Coded Borderscapes

Locative Media, Memory and Migration in ManifestAR’s Border Memorial

  • Roberto Terracciano University of Naples "L'Orientale"
Keywords: augmented reality, blasphemy, intervention, memorials, architecture, visual media

Abstract

Augmented Reality technologies challenge the conception of the virtual as a transcendental elsewhere. As Elizabeth Grosz puts it, the virtual is immanent in the real (Grosz 2001). The article will take into account the Augmented Reality Art of Mark Skwarek and his so-called AR interventions designed for smartphones screens, in order to explore how the virtual and the real unbind each other and how matter releases its potential. Mark Skwarek’s virtual interventions try to restore the seamlessness of the borderland and reterritorialize the border by means of topological distortion. In US/Iraqi War Memorial, the artist overlays a virtual necrogeographic map of Iraq designed by a network of burial sites of deceased Americans soldiers and Iraqi civilians during the Second Gulf War. In the Border Memorial: La Frontera de los Muertos, the traditional Mexican festivity El dia de los muertos has been uncannily translated into a memorial that unveils the scope of the loss of life and reveals the places were human remains have been found along the border.

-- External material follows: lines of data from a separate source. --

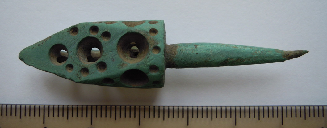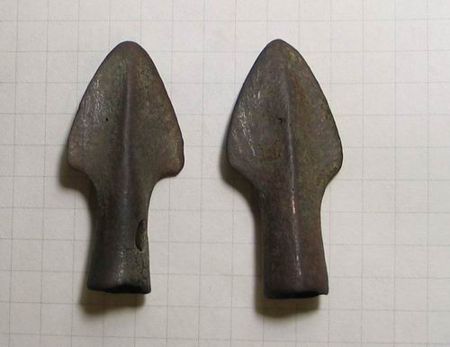Материал бронза, рядом были подняты наконечник дротика как на фото выше, бронзовое зеркало, бронзовые ножи . |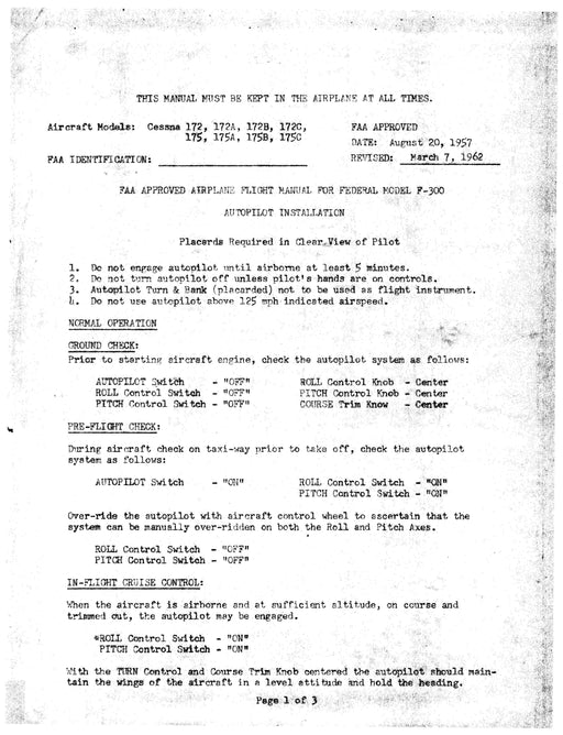 Federal AutopilotFAA approved Airplane Flight For Federal Model F-300 Autopilot Installation Aircraft Models Cessna 172, 172A, 172B, 172C, 175, 175A, 175B, 175C - D...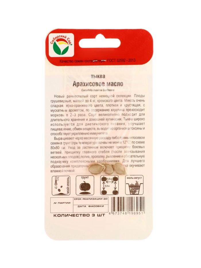 Семена Тыква Арахисовое масло 3шт — Характеристики

Skwarek’s art comes alive on smartphones screens as tridimensional coffins or Oaxacan traditional calaca skeletons: these objects are digitally designed and superimposed in the actual field of view to revive the humanity and reality of the immanent Other (Mezzadra 2012). The two interventions display the sites where memory turns into matter and vice versa: by following Homi Bhabha’s Location of Culture (2004), it will be argued that the virtual image is the blasphemous cultural transduction of the physical space through which newness enters the world.